Extracted records
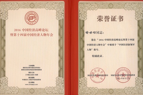 2016年度中國經濟年度人物頒獎典禮以“聚焦經濟發展、評點新聞人物”為主題,由國家發改委中國經濟導報社、國家發改委宏觀經濟管理編輯部、《中國企業報》集團聯合主辦。本屆經濟年度人物評選標準以“責任、創新、挑戰”為關鍵詞,以“創新力、影響力、貢獻力、發展力、經營力”五大評選參數考量候選人資格,表彰對中國經濟各領域做出突出貢獻和勇于創新的企業家。
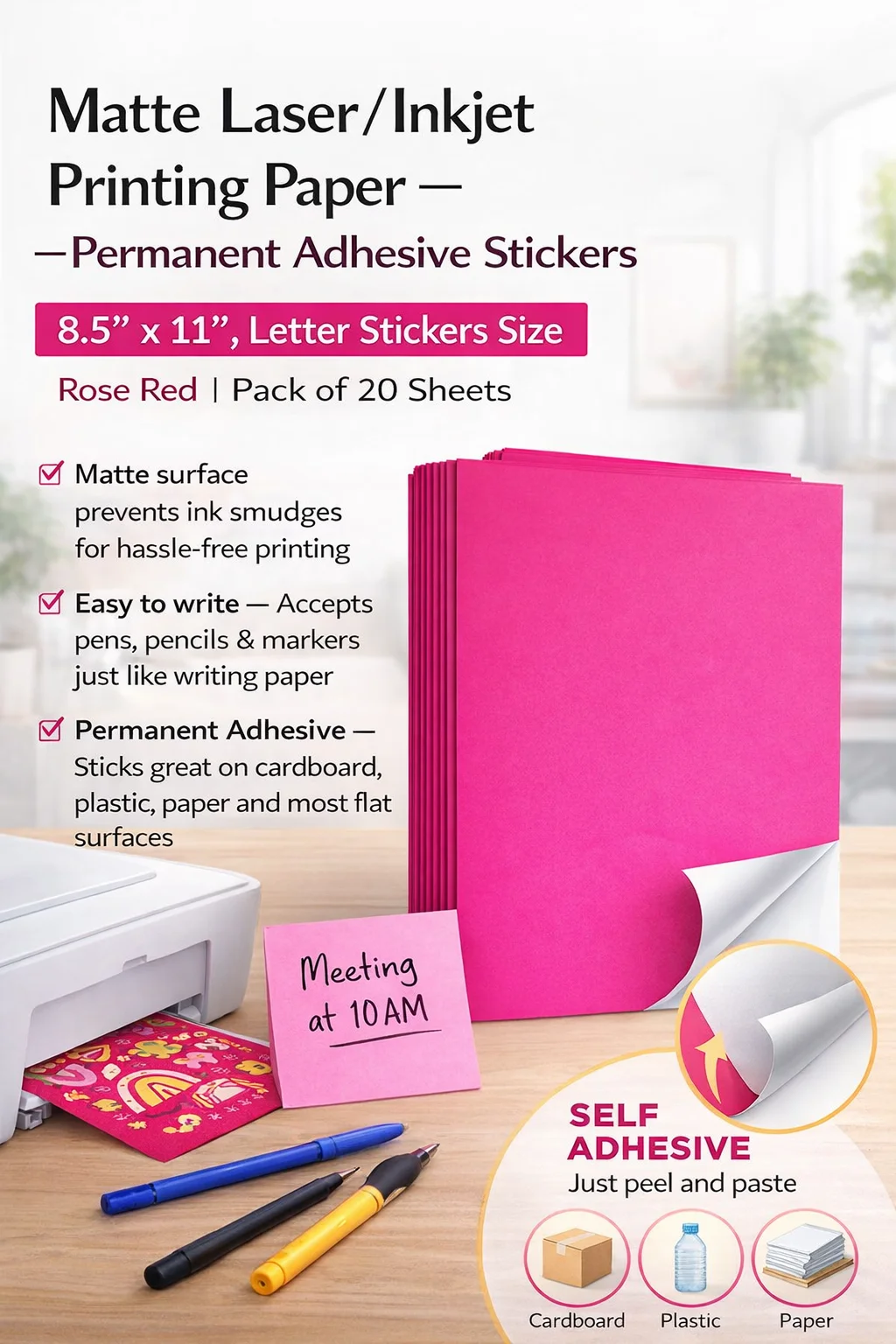 10 feuilles, papier autocollant A4, papier adhésif A4 rose/orange/jaune/blanc/Kraft pour imprimante laser/jet d'encre
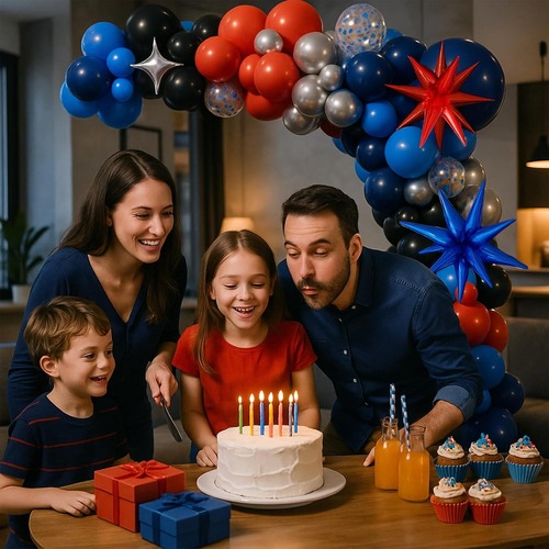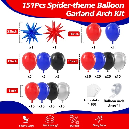Главне боје сета балона су плава, црвена и црна. Препознатљиве три боје ће вас натерати да замислите кул фигуру Спајдермена из филма. Балони од латекса у овом сету укључују мат црвени балон, мат плави балон, мат црни балон, металик балон у облику црног балона. Фолијски балон у овом сету је балон од фолије у облику звезде експлозије, боје је плава и црвена.
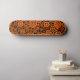 A skateboard with interesting and diverse abstract design consisting of various circular shapes in different styles connected by thin lines like a network or ecosystem.
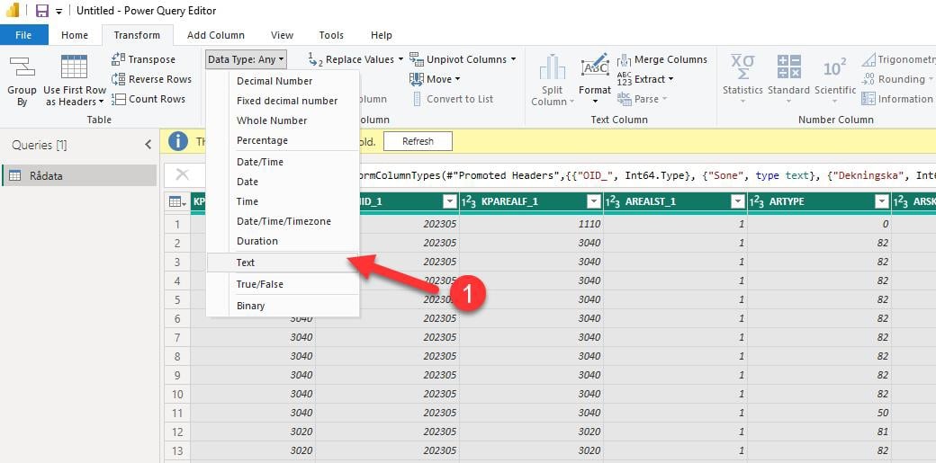 Transformer datasettet Rådata (1) og velg transformer (2).
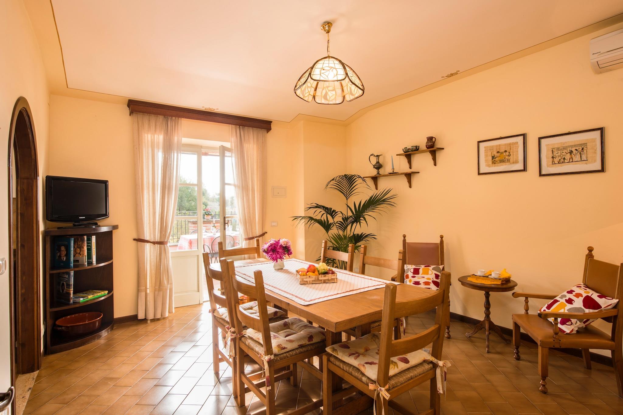 Dette bondehus med otte komfortable lejligheder ligger på grænsen mellem Umbrien og Toscana, nær Città della Pieve og Trasimenosøen. Den rustikke atmosfære er bevaret i restaureringen af lejlighederne. Agriturismoen producerer og sælger fremragende olivenolie, vin, pasta og honning. Indretningen er rustik og hyggelig. Lejligheden ligger på anden sal, og her finder du også den store overdækkede terrasse med en vidunderlig udsigt over Umbrien og Toscana! På terrassen kan du virkelig nyde din ferie. Der er en kæmpe swimmingpool med jacuzzi, omgivet af et stort solarium med liggestole og parasoller til gæsterne. Poolen er oplyst og kan derfor også bruges om aftenen. Ege og cypresser vokser i haven. Et fitnessrum, sauna og både indendørs og udendørs legeplads er tilgængeligt for gæsterne. Denne etruskiske region består af et smukt bakket landskab med fremragende udsigter og smukke byer. Udover at nyde swimmingpoolen og saunaen på gården, kan du tage på hyggelige ture til Città della Pieve, Perugia, Chiusi, Montepulciano, Pienza, Montalcino, Cortona, Arezzo og Siena. SEN CHECK-IN: Efter 19, ekstra gebyr EURO 50 Bemærk: Sauna Minimum belægning: 2 personer & Maksimum belægning: 5 personer.
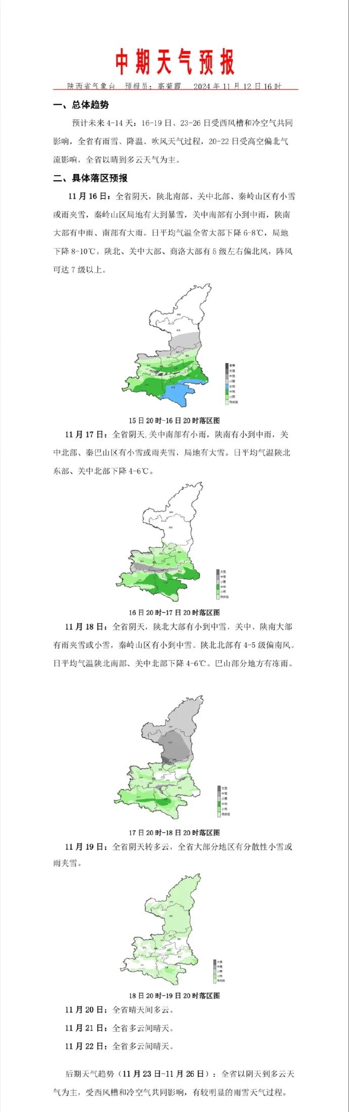 16日:阴天有小到中雨,秦岭高海拔山区有雨夹雪或小到中雪,8℃~11℃;
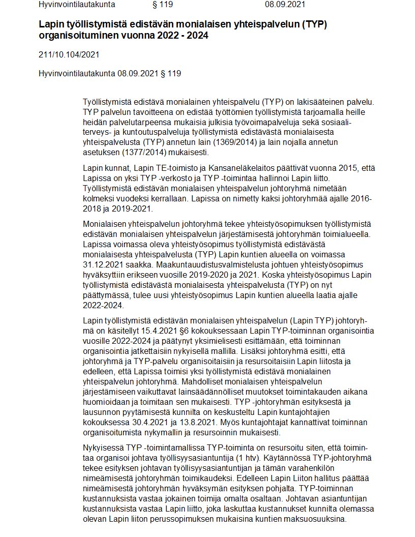 Pöytäkirja 08.09.2021/Pykälä 119
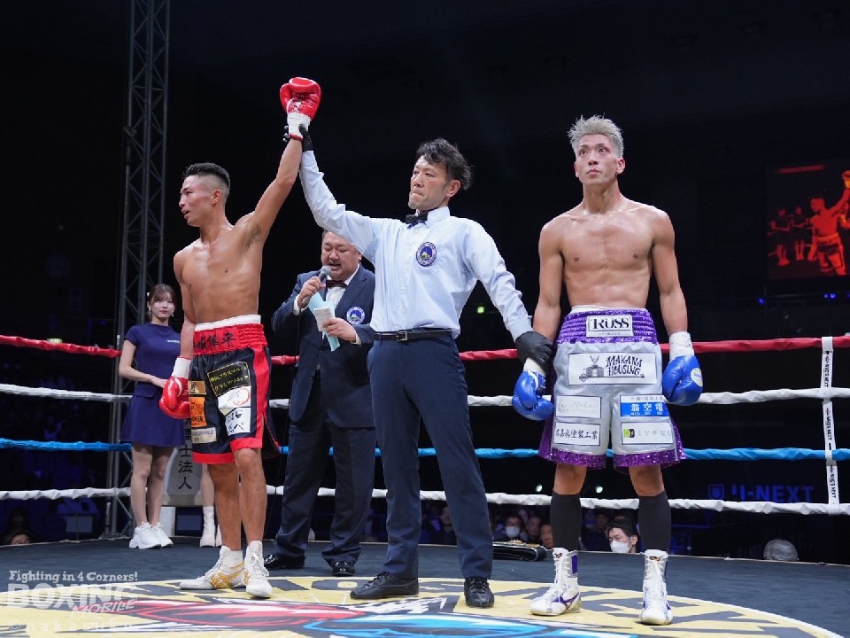 一方、5戦目で初黒星を喫した具志堅は「(金城選手は)ジャブが上手くて、距離が遠く捌かれてしまった。どう戦おうかと考えすぎてしまい、手数が少なくなった」と唇を噛み締めた。それでも「ここから這い上がり、最後はチャンピオンになりますよ」と巻き返しを誓った。
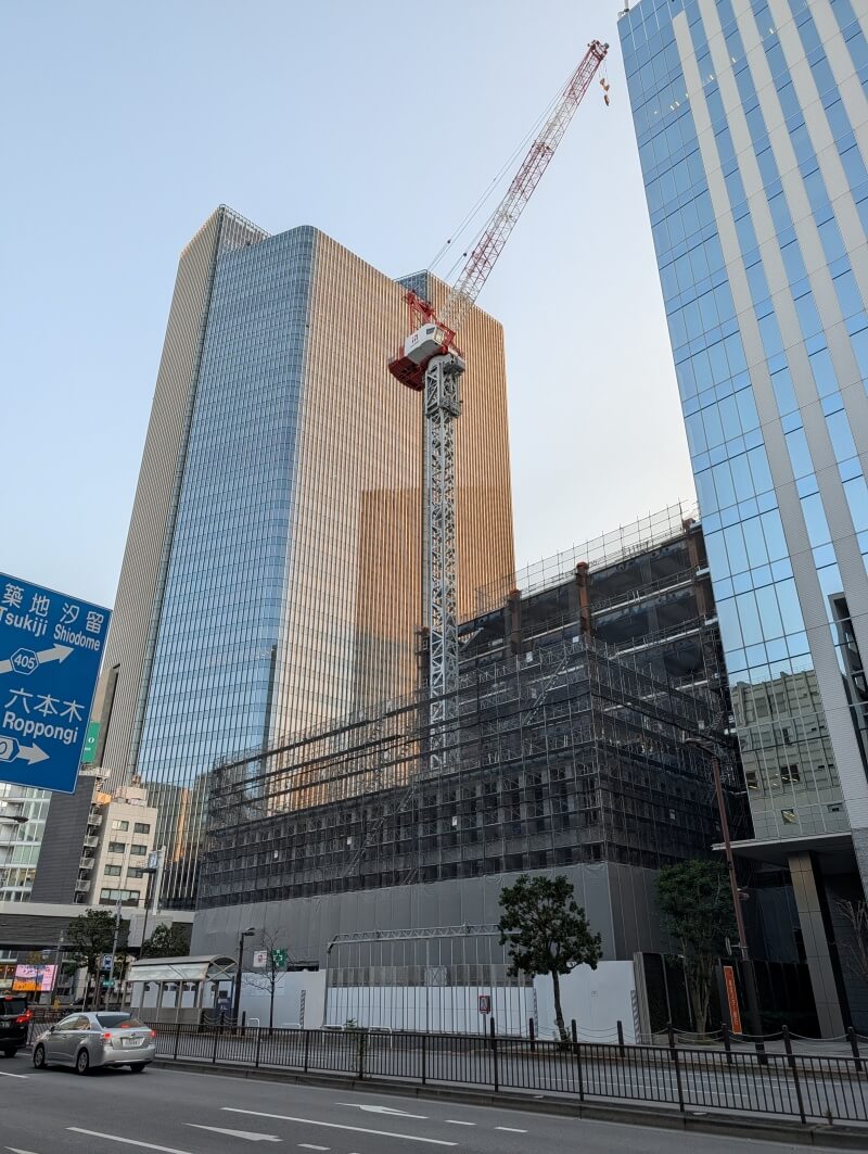 溜池交差点を渡り、建物傍からタワークレーンを見上げた様子です。

Task statement
The answer consists solely of the lines from the one holding "Pöytäkirja 08.09.2021/Pykälä 119" through the last line of the entries above, set down verbatim, without any pictures.

Task result
 Pöytäkirja 08.09.2021/Pykälä 119
 一方、5戦目で初黒星を喫した具志堅は「(金城選手は)ジャブが上手くて、距離が遠く捌かれてしまった。どう戦おうかと考えすぎてしまい、手数が少なくなった」と唇を噛み締めた。それでも「ここから這い上がり、最後はチャンピオンになりますよ」と巻き返しを誓った。
 溜池交差点を渡り、建物傍からタワークレーンを見上げた様子です。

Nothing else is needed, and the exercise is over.